Be a C student in Calc

Despite failing spectactularly on my first BC calc exam, I remain in a remarkable state of Zen-like calmness. Is it senior slide catching up to me? Lethargy and inertia seem the predominate state of my being.

After seeing a small (this is Noeth) red C- on my calc test, in addition to a scrawled note demanding "more study needed," I reacted with little emotion. Perhaps it is a profound state of denial, but I really don't seem to care. Or this there some Freudian defense mechanism (i.e. denial) pretending to me I don't care? There was also a supreme confidence that I would do much better on the next test, that I was capable of doing much better. Really, you think I would freak out more after getting the lowest math test grade of my life. This is from first grade onward and includes all those tedious hours of Kumon. Whatever the case, I cannot profess to be easily moved. I believe myself to be a rather sensitive person--hypersensitive in some cases--but I rarely, rarely cry.

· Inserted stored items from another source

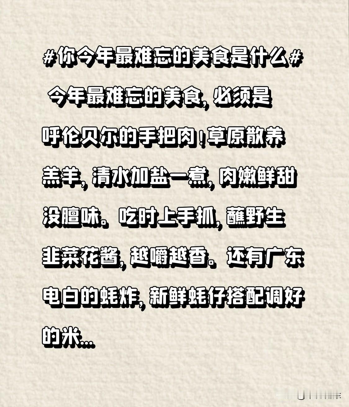 今年最难忘的美食,必须是呼伦贝尔的手把肉!草原散养羔羊,清水加盐一煮,肉嫩鲜甜没膻味。吃时上手抓,蘸野生韭菜花酱,越嚼越香。还有广东电白的蚝炸,新鲜蚝仔搭配调好的米糊,外酥里嫩,不愧是百年侨乡美食!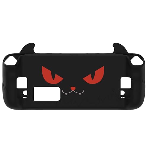 Cute Demon Protective Case for Steam Deck LCD & OLED, Kawaii Anti-Slip Protector for Steam Deck OLED with Thumb Grip Caps & Trackpads Stickers & Back Button Enhancement Set – Black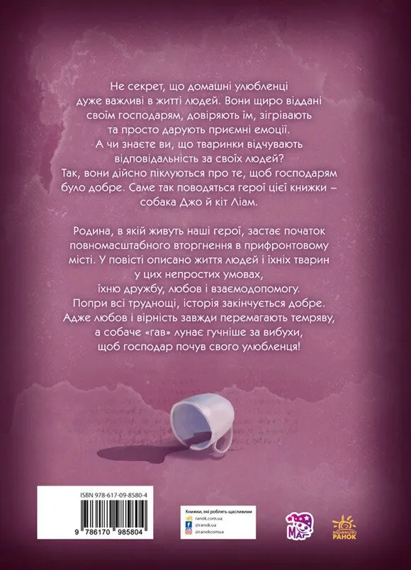 Родина, у якій живуть головні герої книги - пес Джо і кіт Ліам, застає початок повномасштабного вторгнення у прифронтовому місті. У книзі описане життя людей і домашніх улюбленців в цих непростих умовах, їхня дружба, любов та взаємодопомога. Попри всі труднощі, історія закінчується добре. Адже любов і вірність завжди перемагають темряву, а собачий «гав» лунає гучніше за вибухи, щоб господар почув свого улюбленця!
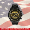 Customize your Black Stainless Steel Watch with your name, rank, and years of service for a truly one-of-a-kind timepiece. This personalized feature allows you to showcase your military journey with pride and distinction.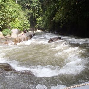 ツアーの始まりは、ホテルのピックアップから。ワゴン車に乗り込み、アドベンチャーツアーのラウンジに向かいます。ラウンジに到着した後は、ロッカーで着替えを済ませて、荷物を預けたら、再び車に乗り込み、ラフティングの受付場所まで移動します。ラフティングの受付終了後は、担当してくれるガイドの方と顔合せ。丁寧な日本語で挨拶してくれました。(時々間違いがありますが・笑)その後、ライフジャケット、ヘルメット、オールを装備し、ボートのある出発地点まで、長〜い階段を降りて行きます。川へ降りるまでの階段は滑りやすく急なので、ビーチサンダルよりも、水に濡れても良い靴をはいている方が良いと思います。川へ着くと、いよいよボートに乗り込み、ラフティングの開始です!熱帯雨林の自然を満喫しながら、時折スリルを味わい、長い川を下って行きます。野生の猿にも出会えるチャンスがあるかも⁉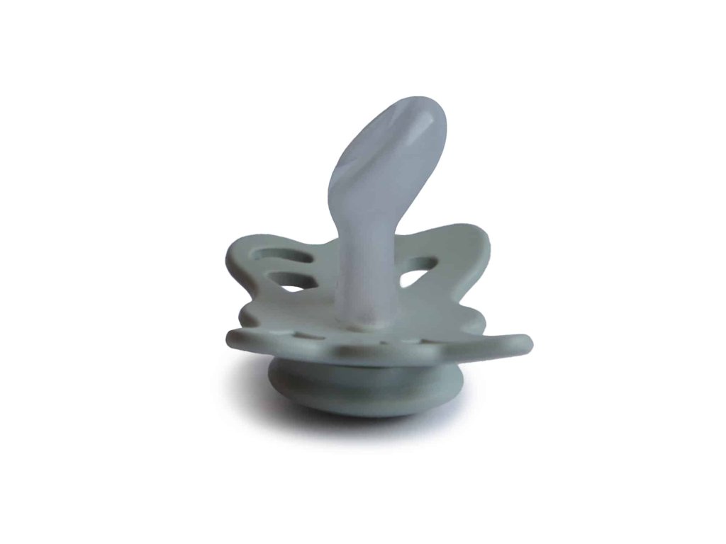 Tvar cumlíkov FRIGG Butterfly pripomína motýľa. Štít so zvlnenými okrajmi má veľké vzduchové otvory pre väčšiu bezpečnosť a jeho okrúhly stred krásne zvýrazňuje eleganciu cumlíkov.
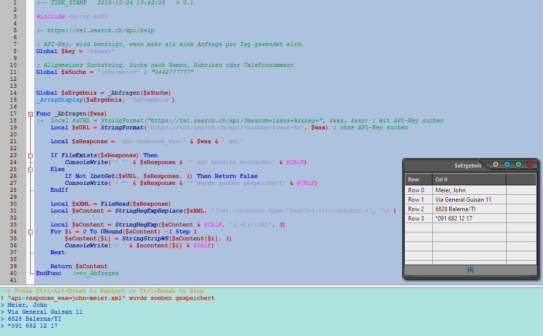 $sURL = "https://tel.search.ch/api/?maxnum=1" & $was & $key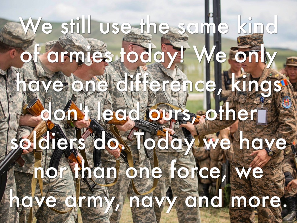 We still use the same kind of armies today! We only have one difference, kings don't lead ours, other soldiers do. Today we have nor than one force, we have army, navy and more.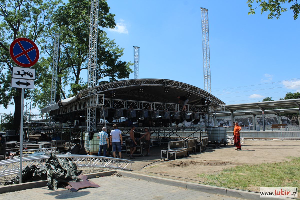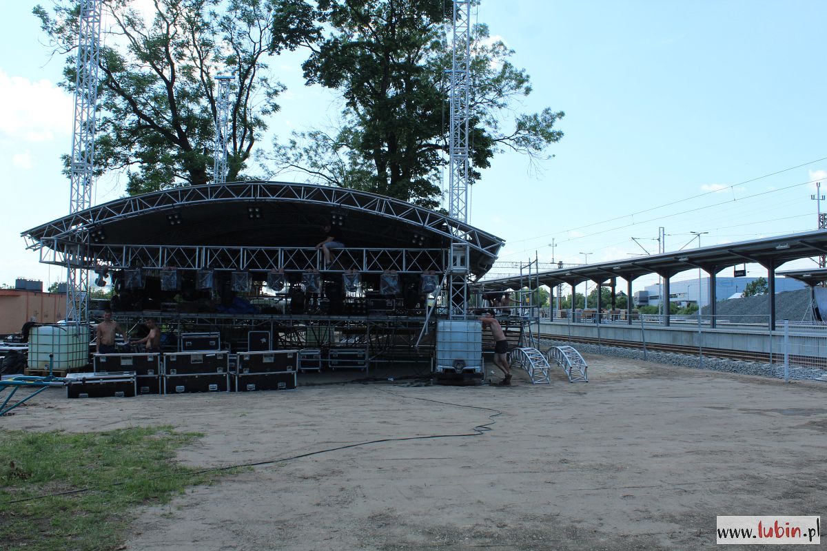 Przy stacji kolejowej w Lubinie sporo się dzieje. Od wczoraj budowana jest scena i trwają przygotowania do wielkiego show, jakie ma się tu odbyć już w najbliższą sobotę, 8 czerwca, na inaugurację powrotu połączeń kolejowych do miasta.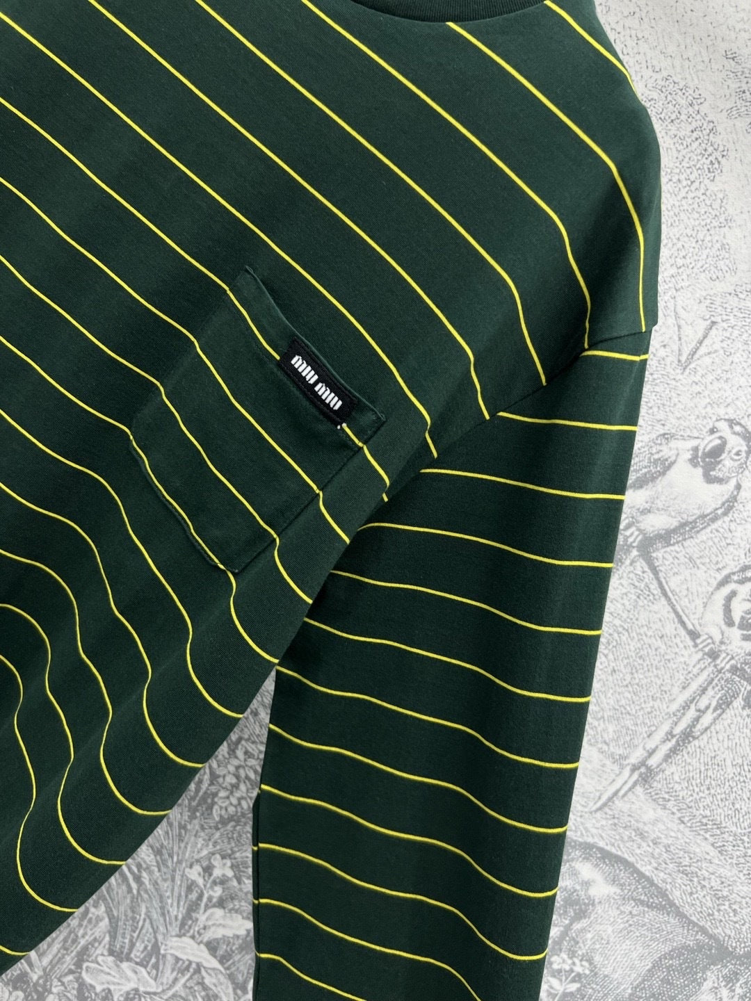 Miu Miu 25 Striped Long-sleeved T-shirt Green Cotton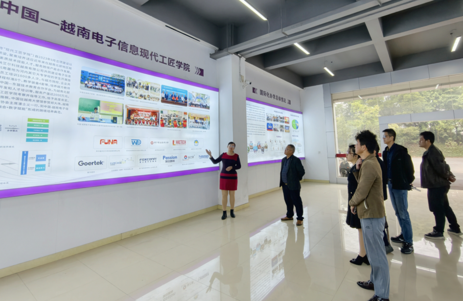 协会一行首先参观考察了设于我校的中国-东盟跨境电商大数据协同创新中心。跨境电商专业教师姚洁担任讲解,向来宾介绍了我校国际化办学成果、协同创新中心的数据平台、实训功能以及该中心在服务区域跨境电商产业发展、支撑教学科研方面所发挥的作用。

Maybe it's just back-to-school blues, but I have been very spacey all week. I read the instructions on tests all wrong, skip questions on accident, am especially inarticulate, and generally seem to be operating in another dimension. I could be bounded in a nutshell and count myself king of infinite space.

2 comments:

s.z. said...

Worry not. I am a failure as well. Alas, I have yet to find Dibs, though he has long since found himself.

sl said...

Hey there, no worries Jinz! Tes yeux rayonnent d'intelligence, je sais!